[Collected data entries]
· · · ·

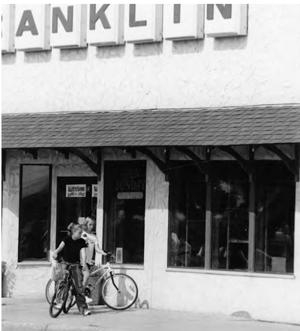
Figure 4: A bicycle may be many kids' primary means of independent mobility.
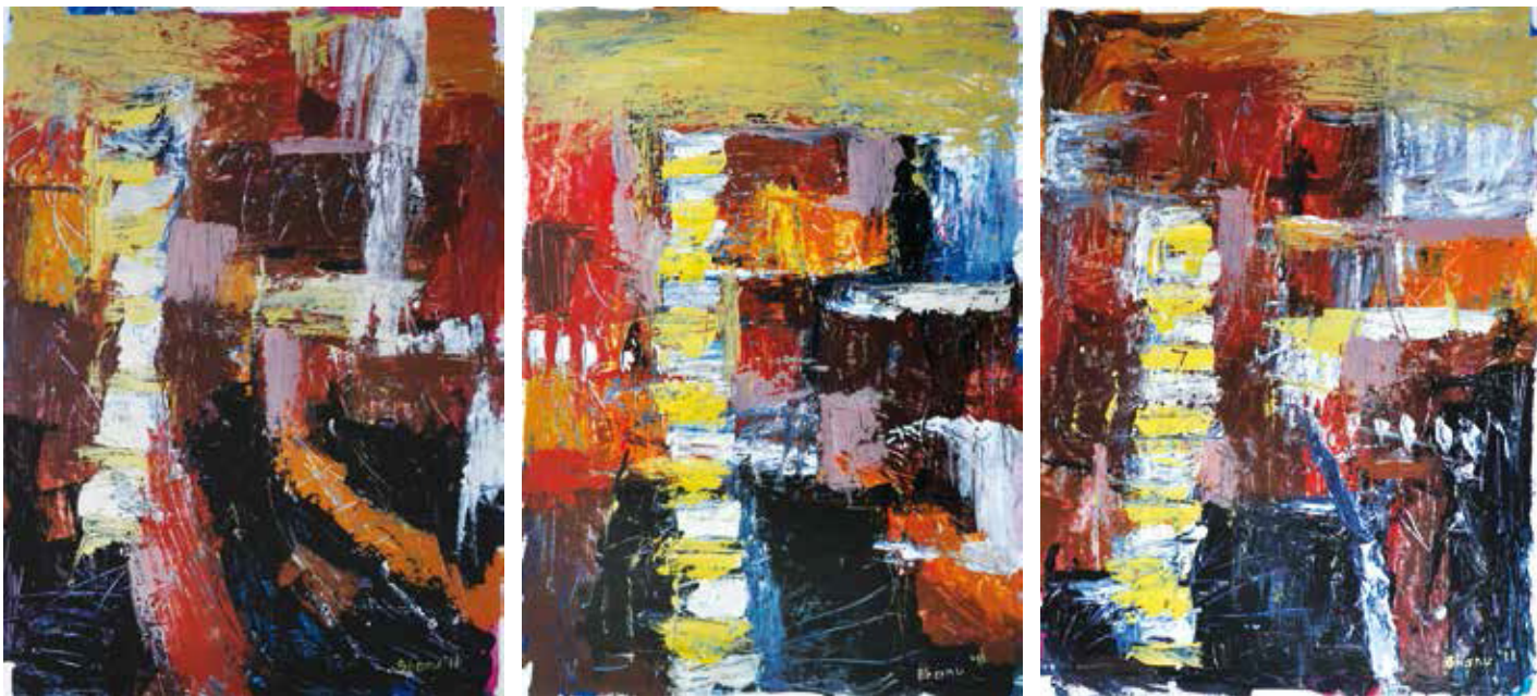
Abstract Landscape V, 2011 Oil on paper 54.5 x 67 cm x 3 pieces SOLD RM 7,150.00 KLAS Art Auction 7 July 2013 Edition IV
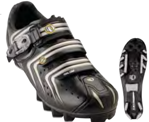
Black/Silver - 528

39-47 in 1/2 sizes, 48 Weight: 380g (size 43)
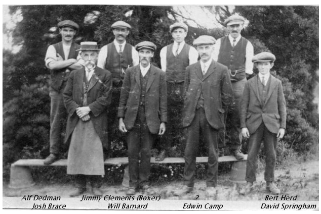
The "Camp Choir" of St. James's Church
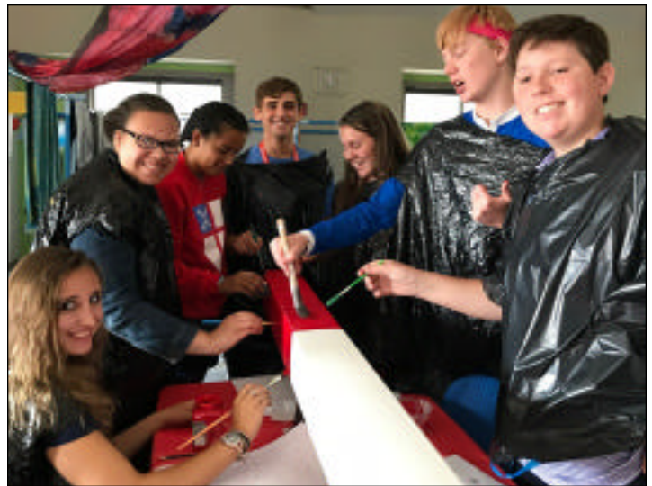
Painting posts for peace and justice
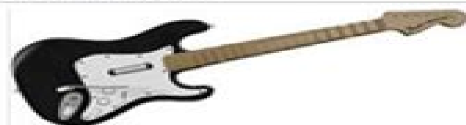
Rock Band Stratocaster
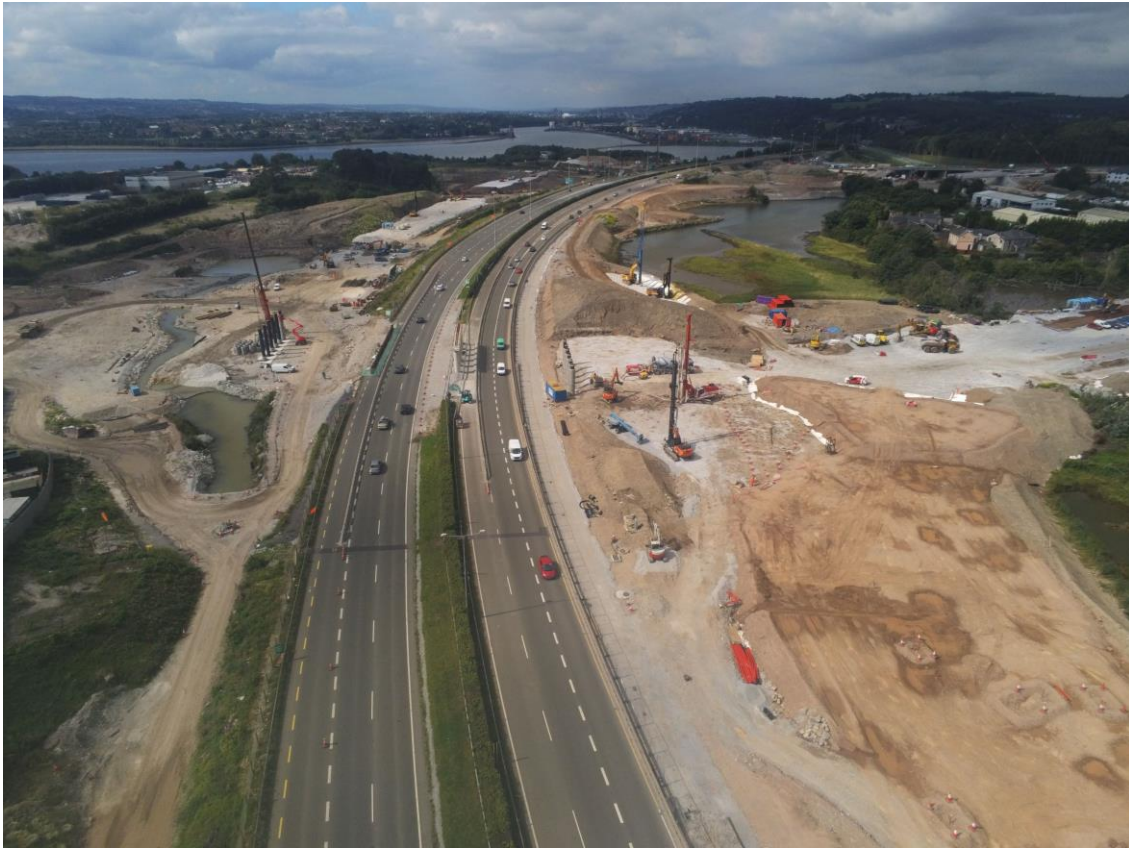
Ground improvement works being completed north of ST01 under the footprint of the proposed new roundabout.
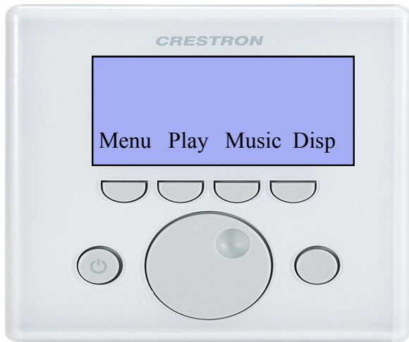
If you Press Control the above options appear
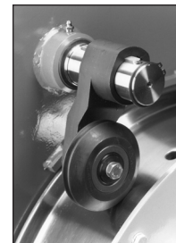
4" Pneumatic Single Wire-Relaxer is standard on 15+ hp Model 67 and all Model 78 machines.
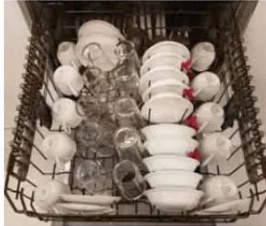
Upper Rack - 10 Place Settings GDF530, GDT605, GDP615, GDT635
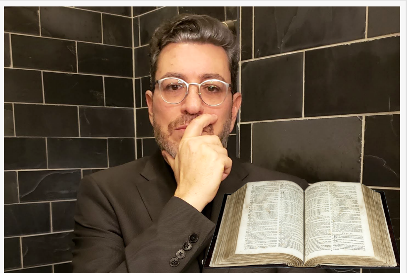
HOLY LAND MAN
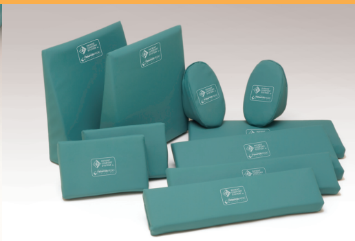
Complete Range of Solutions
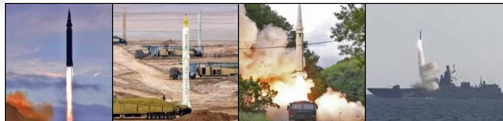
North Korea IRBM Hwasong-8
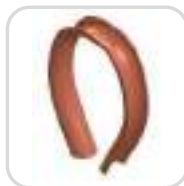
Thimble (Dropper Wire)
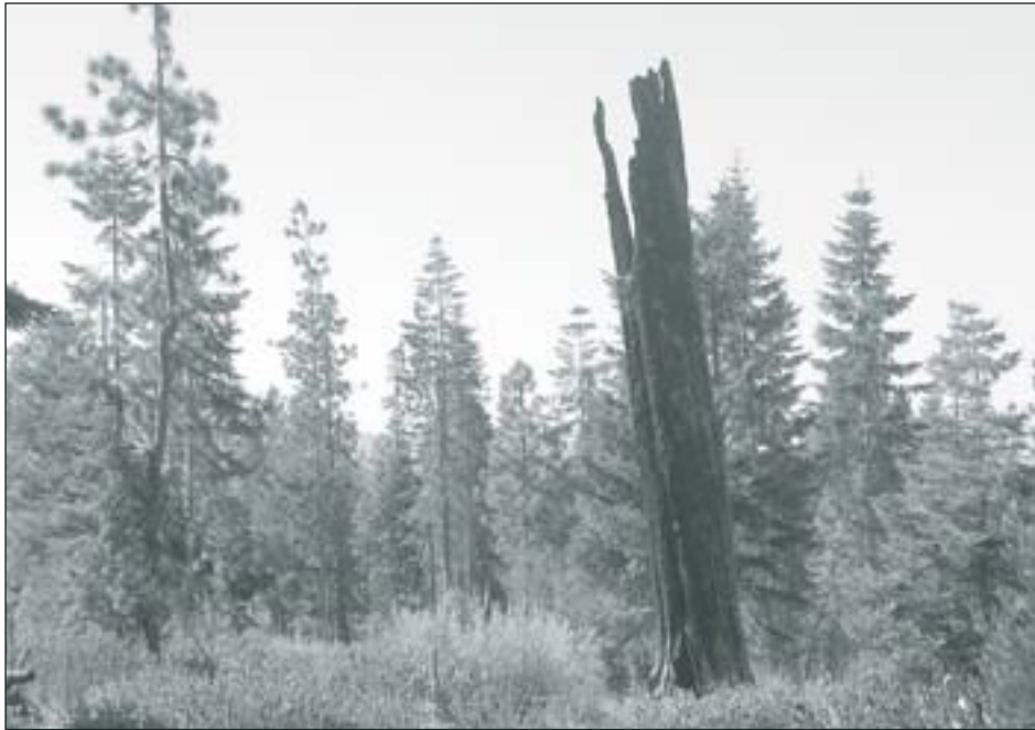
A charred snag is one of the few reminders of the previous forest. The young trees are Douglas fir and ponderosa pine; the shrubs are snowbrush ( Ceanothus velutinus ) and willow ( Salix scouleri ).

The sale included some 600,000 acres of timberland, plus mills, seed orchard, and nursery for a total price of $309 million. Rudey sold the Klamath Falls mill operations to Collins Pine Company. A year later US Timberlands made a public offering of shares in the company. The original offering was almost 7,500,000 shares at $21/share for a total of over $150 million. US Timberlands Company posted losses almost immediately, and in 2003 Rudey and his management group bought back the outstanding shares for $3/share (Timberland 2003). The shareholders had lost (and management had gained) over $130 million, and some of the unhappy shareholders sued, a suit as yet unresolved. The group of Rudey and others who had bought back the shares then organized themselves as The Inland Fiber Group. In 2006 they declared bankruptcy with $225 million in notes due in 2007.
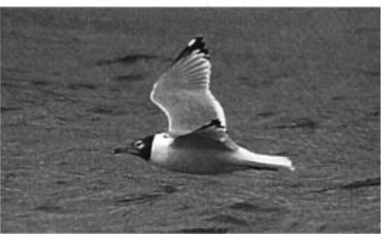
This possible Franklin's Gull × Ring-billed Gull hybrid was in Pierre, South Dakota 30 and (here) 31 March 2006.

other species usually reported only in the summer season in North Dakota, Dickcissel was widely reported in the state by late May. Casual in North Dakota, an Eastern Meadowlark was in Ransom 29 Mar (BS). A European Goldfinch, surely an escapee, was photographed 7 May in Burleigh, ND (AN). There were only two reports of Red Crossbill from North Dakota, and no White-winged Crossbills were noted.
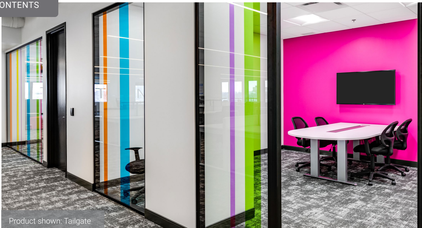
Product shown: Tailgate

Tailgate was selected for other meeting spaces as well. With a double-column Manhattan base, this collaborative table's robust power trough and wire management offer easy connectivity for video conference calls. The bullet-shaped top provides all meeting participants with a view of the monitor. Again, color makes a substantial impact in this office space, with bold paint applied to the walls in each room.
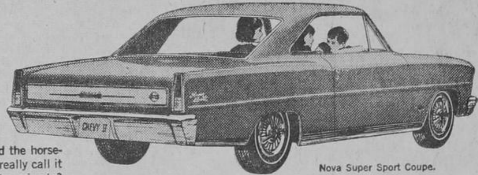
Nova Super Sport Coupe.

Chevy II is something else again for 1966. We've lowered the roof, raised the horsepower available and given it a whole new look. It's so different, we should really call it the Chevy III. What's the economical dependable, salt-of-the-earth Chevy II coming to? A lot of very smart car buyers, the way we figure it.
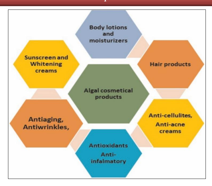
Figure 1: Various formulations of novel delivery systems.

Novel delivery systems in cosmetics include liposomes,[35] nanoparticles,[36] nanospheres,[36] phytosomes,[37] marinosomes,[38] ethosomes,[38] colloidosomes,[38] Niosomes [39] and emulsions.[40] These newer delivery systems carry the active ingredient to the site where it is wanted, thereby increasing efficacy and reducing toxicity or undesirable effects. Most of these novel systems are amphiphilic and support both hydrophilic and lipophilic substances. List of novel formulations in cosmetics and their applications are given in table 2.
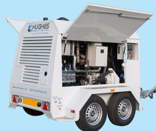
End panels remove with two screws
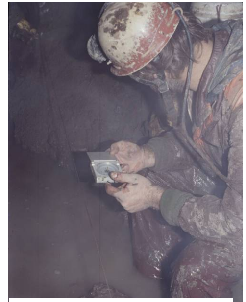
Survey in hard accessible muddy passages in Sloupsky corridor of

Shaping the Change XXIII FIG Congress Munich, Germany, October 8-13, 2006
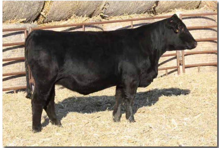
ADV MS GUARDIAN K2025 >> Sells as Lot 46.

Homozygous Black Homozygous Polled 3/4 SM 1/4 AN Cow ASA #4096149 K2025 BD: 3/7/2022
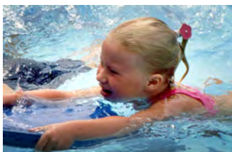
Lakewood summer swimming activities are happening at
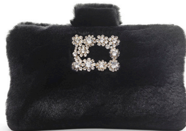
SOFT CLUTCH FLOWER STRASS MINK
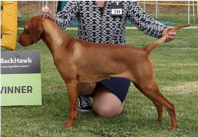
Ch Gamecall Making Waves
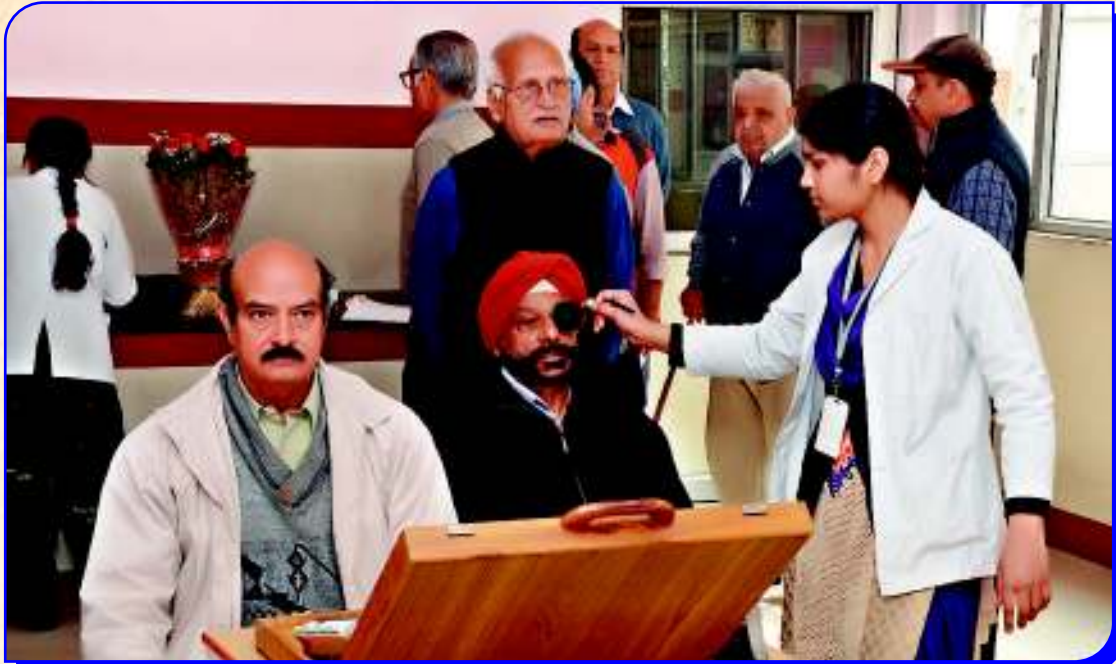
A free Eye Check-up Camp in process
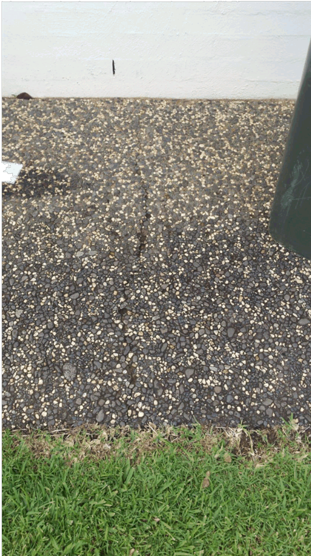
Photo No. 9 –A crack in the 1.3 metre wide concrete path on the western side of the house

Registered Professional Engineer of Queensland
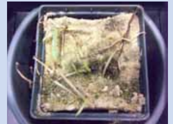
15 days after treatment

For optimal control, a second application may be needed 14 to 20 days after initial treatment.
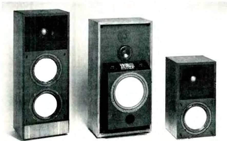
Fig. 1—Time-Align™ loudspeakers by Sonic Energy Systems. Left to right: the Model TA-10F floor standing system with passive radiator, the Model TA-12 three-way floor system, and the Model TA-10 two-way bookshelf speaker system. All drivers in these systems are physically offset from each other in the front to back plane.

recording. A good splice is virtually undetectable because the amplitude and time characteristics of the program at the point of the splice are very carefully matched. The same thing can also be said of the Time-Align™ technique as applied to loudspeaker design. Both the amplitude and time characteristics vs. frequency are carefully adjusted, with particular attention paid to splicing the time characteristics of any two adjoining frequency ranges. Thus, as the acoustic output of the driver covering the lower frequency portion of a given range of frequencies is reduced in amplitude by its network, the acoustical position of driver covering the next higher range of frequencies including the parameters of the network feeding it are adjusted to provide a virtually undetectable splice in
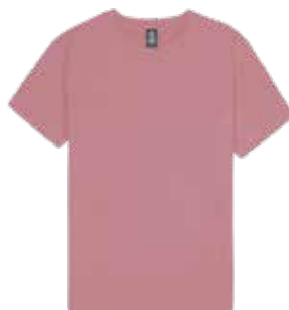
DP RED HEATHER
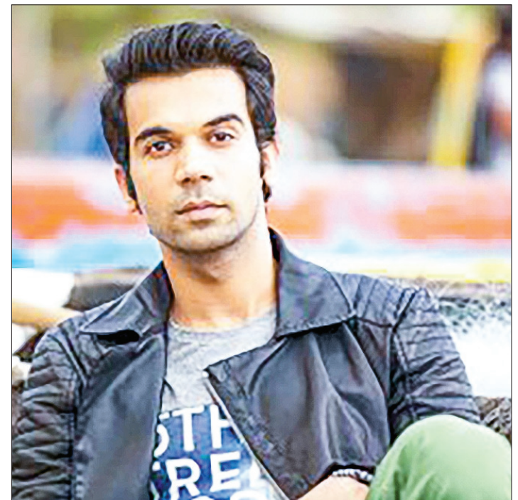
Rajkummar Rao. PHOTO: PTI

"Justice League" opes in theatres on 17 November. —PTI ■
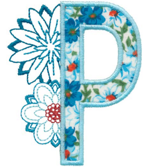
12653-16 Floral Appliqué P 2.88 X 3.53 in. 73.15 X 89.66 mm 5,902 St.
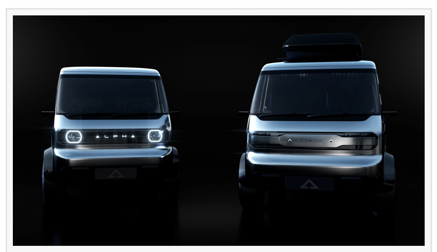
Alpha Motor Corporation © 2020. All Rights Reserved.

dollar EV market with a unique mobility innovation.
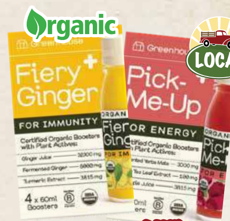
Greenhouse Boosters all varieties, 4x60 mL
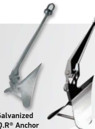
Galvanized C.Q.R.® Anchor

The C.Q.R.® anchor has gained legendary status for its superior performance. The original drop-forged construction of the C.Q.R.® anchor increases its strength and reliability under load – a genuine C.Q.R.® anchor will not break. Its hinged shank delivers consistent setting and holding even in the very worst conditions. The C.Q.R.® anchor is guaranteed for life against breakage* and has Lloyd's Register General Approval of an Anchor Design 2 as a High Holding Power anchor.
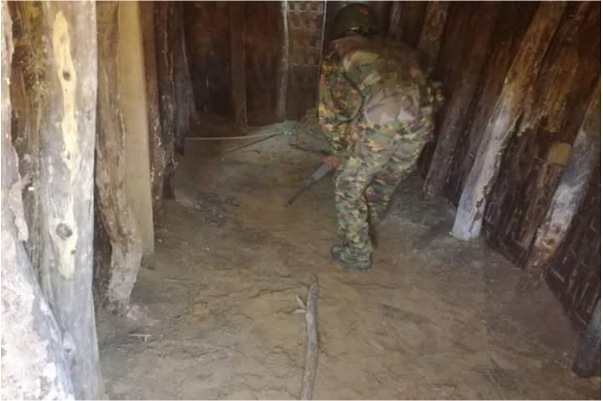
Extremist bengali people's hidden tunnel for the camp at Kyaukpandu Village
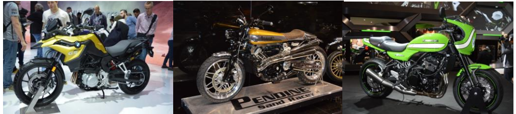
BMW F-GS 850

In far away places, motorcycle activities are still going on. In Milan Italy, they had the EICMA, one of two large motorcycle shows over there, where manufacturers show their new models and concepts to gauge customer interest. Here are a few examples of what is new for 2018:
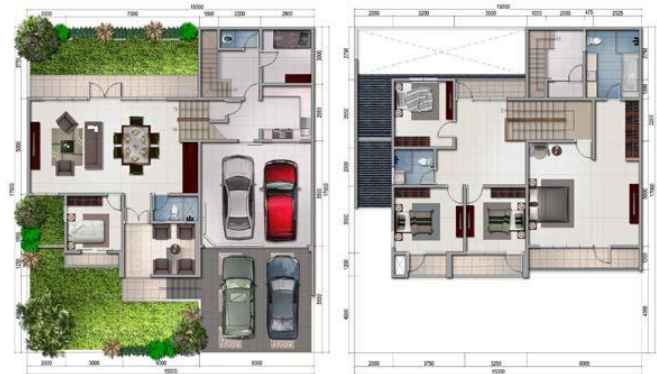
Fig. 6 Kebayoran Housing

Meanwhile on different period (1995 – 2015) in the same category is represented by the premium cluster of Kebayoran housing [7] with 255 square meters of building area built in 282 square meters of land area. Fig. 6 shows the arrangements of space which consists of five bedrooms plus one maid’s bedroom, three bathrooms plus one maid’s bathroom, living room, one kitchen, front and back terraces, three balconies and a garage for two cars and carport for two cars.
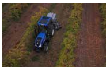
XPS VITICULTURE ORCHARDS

· · · ·

Activity - I would like the exact lines from the data above, starting with the one that holds "Product shown: Tailgate" and going on through the one that holds "For optimal control, a", without the pictures.

Reply -
Product shown: Tailgate

Tailgate was selected for other meeting spaces as well. With a double-column Manhattan base, this collaborative table's robust power trough and wire management offer easy connectivity for video conference calls. The bullet-shaped top provides all meeting participants with a view of the monitor. Again, color makes a substantial impact in this office space, with bold paint applied to the walls in each room.
Nova Super Sport Coupe.

Chevy II is something else again for 1966. We've lowered the roof, raised the horsepower available and given it a whole new look. It's so different, we should really call it the Chevy III. What's the economical dependable, salt-of-the-earth Chevy II coming to? A lot of very smart car buyers, the way we figure it.
Figure 1: Various formulations of novel delivery systems.

Novel delivery systems in cosmetics include liposomes,[35] nanoparticles,[36] nanospheres,[36] phytosomes,[37] marinosomes,[38] ethosomes,[38] colloidosomes,[38] Niosomes [39] and emulsions.[40] These newer delivery systems carry the active ingredient to the site where it is wanted, thereby increasing efficacy and reducing toxicity or undesirable effects. Most of these novel systems are amphiphilic and support both hydrophilic and lipophilic substances. List of novel formulations in cosmetics and their applications are given in table 2.
End panels remove with two screws
Survey in hard accessible muddy passages in Sloupsky corridor of

Shaping the Change XXIII FIG Congress Munich, Germany, October 8-13, 2006
ADV MS GUARDIAN K2025 >> Sells as Lot 46.

Homozygous Black Homozygous Polled 3/4 SM 1/4 AN Cow ASA #4096149 K2025 BD: 3/7/2022
Lakewood summer swimming activities are happening at
SOFT CLUTCH FLOWER STRASS MINK
Ch Gamecall Making Waves
A free Eye Check-up Camp in process
Photo No. 9 –A crack in the 1.3 metre wide concrete path on the western side of the house

Registered Professional Engineer of Queensland
15 days after treatment

For optimal control, a second application may be needed 14 to 20 days after initial treatment.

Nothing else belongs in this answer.